We will use a parallel, randomised control trial study design. Participation in each part of the study (i.e., iPads in antenatal clinics, or app running on own handset) will be independent from each other. Those participants consenting to get involved in the part of the study assessing the use of iPads in antenatal clinics will be randomly assigned to complete (i) an app version of the Whooley questions and the Edinburgh Postnatal Depression Scale in which the questionnaires are presented using a scrolling layout (i.e., App screening - Scrolling), or (ii) an app version of the Whooley questions and the Edinburgh Postnatal Depression Scale in which the questionnaires are presented using a paging layout (i.e., App screening - Paging).

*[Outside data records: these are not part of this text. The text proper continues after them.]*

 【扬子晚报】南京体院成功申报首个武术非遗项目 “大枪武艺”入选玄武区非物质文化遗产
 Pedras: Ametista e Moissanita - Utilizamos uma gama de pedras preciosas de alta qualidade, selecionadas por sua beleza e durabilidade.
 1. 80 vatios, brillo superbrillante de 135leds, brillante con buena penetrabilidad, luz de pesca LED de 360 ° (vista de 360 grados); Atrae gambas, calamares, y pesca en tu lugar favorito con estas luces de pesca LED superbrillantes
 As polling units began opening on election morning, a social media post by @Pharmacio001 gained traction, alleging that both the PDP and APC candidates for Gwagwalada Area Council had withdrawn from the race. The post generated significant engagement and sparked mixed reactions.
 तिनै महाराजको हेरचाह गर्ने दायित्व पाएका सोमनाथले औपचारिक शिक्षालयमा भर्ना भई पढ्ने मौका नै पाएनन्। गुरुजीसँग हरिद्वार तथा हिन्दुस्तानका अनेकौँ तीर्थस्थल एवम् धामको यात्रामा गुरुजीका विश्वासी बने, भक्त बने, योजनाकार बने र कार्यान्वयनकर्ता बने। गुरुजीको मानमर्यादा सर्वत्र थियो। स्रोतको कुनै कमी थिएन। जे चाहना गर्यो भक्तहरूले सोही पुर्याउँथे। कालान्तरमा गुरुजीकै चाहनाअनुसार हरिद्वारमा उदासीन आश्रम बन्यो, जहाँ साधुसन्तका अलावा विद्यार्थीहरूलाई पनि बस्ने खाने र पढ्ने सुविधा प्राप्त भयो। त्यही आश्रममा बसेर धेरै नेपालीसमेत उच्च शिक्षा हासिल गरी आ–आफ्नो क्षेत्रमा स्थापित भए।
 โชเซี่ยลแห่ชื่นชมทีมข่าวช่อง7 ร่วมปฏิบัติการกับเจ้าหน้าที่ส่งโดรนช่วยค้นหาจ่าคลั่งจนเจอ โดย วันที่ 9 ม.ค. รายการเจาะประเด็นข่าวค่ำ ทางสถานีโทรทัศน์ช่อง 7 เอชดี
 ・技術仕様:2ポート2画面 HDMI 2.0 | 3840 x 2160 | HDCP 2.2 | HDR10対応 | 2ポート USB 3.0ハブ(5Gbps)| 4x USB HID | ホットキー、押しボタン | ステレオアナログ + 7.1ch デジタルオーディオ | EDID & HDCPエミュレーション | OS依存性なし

Participants consenting to get involved in the part of the study assessing the use of an app running on participants' own devices will be randomly allocated to one of two sampling protocols: (i) a prospective sampling protocol of 6 months consisting of the Edinburgh Postnatal Depression Scale and 5 momentary questions related to mood; or (ii) a prospective sampling protocol of 6 months consisting of the Edinburgh Postnatal Depression Scale.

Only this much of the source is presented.